PROBLEM DESCRIPTION - Go to the line with "Church in the" in the material below and copy from there through the line with "A műanyag dobozokhoz", exactly. Pictures are not copied.

GIVEN DATA -
....
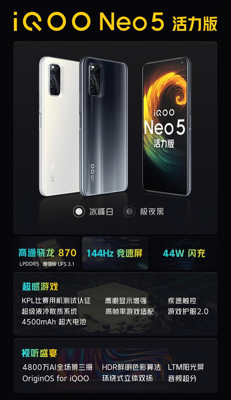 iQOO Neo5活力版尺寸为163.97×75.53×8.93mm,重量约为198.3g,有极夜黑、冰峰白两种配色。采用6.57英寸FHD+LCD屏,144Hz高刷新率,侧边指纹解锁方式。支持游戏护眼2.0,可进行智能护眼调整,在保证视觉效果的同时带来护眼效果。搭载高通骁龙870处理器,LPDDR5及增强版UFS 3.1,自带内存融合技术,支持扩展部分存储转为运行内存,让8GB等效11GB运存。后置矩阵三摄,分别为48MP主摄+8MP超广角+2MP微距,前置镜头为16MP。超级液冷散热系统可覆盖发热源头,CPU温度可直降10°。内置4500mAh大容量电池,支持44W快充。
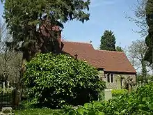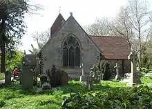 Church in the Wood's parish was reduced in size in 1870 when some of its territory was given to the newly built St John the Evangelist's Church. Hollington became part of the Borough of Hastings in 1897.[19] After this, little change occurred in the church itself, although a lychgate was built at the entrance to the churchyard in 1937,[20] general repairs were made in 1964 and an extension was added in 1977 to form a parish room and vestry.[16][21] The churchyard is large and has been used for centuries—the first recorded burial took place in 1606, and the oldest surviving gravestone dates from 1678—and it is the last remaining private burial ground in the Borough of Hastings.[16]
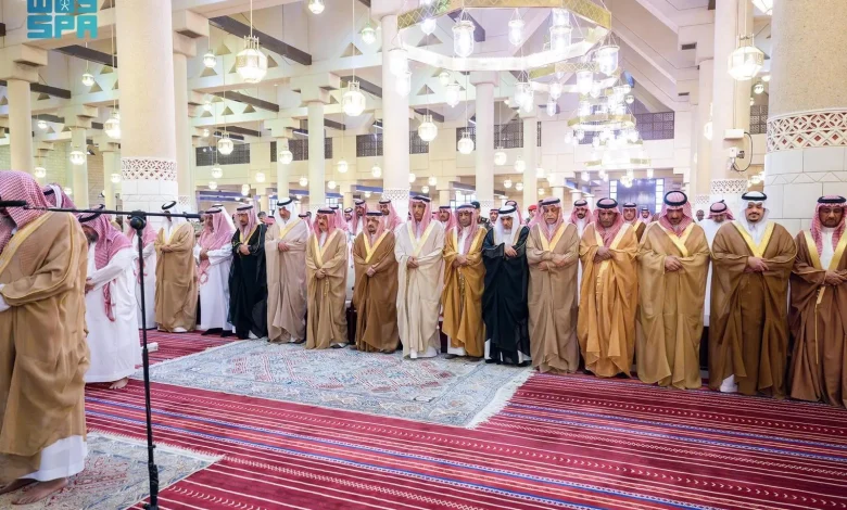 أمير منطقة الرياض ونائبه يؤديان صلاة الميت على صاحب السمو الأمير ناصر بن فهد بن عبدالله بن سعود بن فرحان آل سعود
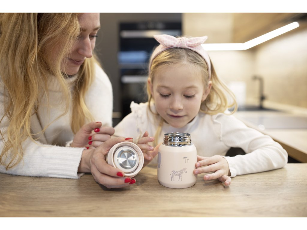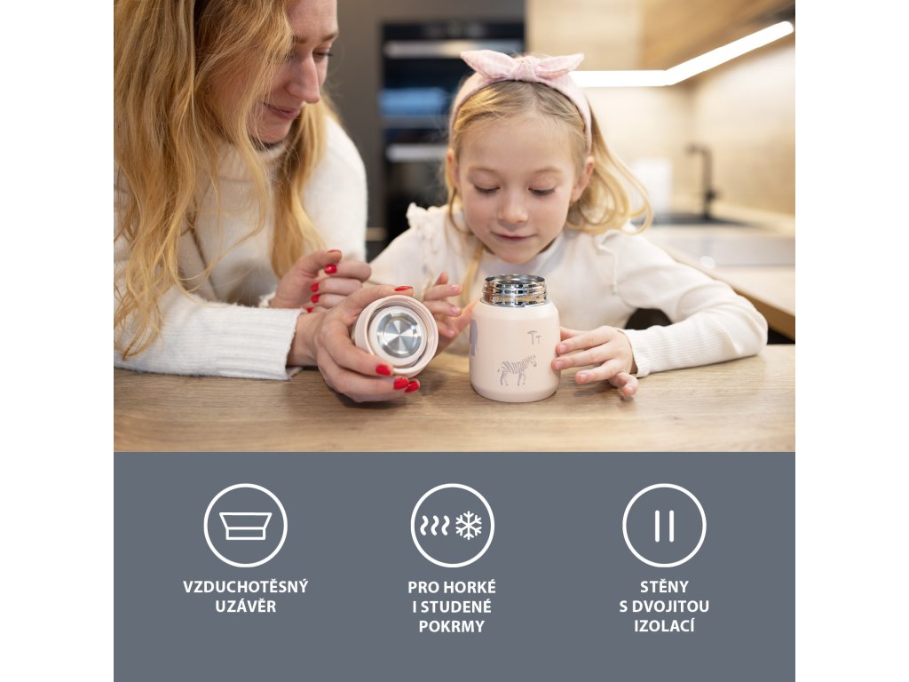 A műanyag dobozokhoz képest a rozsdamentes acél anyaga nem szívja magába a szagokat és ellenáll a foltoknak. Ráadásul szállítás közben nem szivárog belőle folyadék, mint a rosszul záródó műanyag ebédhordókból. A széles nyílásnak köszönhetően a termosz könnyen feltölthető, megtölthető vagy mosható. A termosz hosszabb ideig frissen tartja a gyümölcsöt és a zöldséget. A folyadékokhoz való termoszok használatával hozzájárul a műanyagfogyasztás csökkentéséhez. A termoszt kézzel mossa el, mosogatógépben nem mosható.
....
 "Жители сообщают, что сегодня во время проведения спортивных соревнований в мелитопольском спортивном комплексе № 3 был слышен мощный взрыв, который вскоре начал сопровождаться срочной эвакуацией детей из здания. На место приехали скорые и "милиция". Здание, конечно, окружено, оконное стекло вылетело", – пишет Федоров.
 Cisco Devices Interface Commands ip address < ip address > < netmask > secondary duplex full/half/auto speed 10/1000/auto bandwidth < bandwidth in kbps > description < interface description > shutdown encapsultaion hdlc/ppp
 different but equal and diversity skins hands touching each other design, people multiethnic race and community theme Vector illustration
....
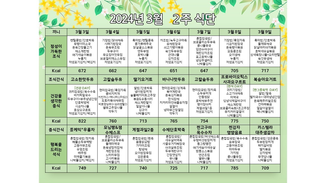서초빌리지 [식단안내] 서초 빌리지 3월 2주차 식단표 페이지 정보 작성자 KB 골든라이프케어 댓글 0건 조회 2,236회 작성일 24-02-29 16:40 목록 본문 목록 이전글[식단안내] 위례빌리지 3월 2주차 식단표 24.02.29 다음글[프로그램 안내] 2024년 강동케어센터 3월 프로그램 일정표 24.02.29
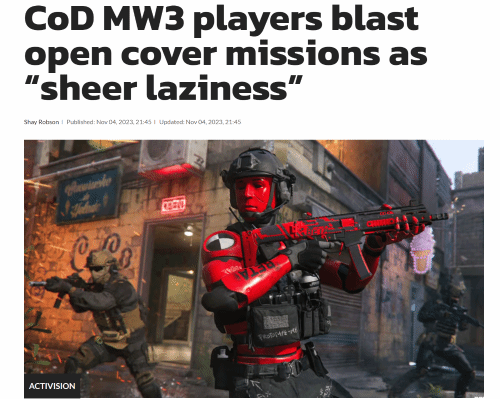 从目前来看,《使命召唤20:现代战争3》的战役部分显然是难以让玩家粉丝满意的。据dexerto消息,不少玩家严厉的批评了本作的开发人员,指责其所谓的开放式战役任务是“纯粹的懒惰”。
....
SOLUTION TO THIS EXERCISE -
 Church in the Wood's parish was reduced in size in 1870 when some of its territory was given to the newly built St John the Evangelist's Church. Hollington became part of the Borough of Hastings in 1897.[19] After this, little change occurred in the church itself, although a lychgate was built at the entrance to the churchyard in 1937,[20] general repairs were made in 1964 and an extension was added in 1977 to form a parish room and vestry.[16][21] The churchyard is large and has been used for centuries—the first recorded burial took place in 1606, and the oldest surviving gravestone dates from 1678—and it is the last remaining private burial ground in the Borough of Hastings.[16]
 أمير منطقة الرياض ونائبه يؤديان صلاة الميت على صاحب السمو الأمير ناصر بن فهد بن عبدالله بن سعود بن فرحان آل سعود
 A műanyag dobozokhoz képest a rozsdamentes acél anyaga nem szívja magába a szagokat és ellenáll a foltoknak. Ráadásul szállítás közben nem szivárog belőle folyadék, mint a rosszul záródó műanyag ebédhordókból. A széles nyílásnak köszönhetően a termosz könnyen feltölthető, megtölthető vagy mosható. A termosz hosszabb ideig frissen tartja a gyümölcsöt és a zöldséget. A folyadékokhoz való termoszok használatával hozzájárul a műanyagfogyasztás csökkentéséhez. A termoszt kézzel mossa el, mosogatógépben nem mosható.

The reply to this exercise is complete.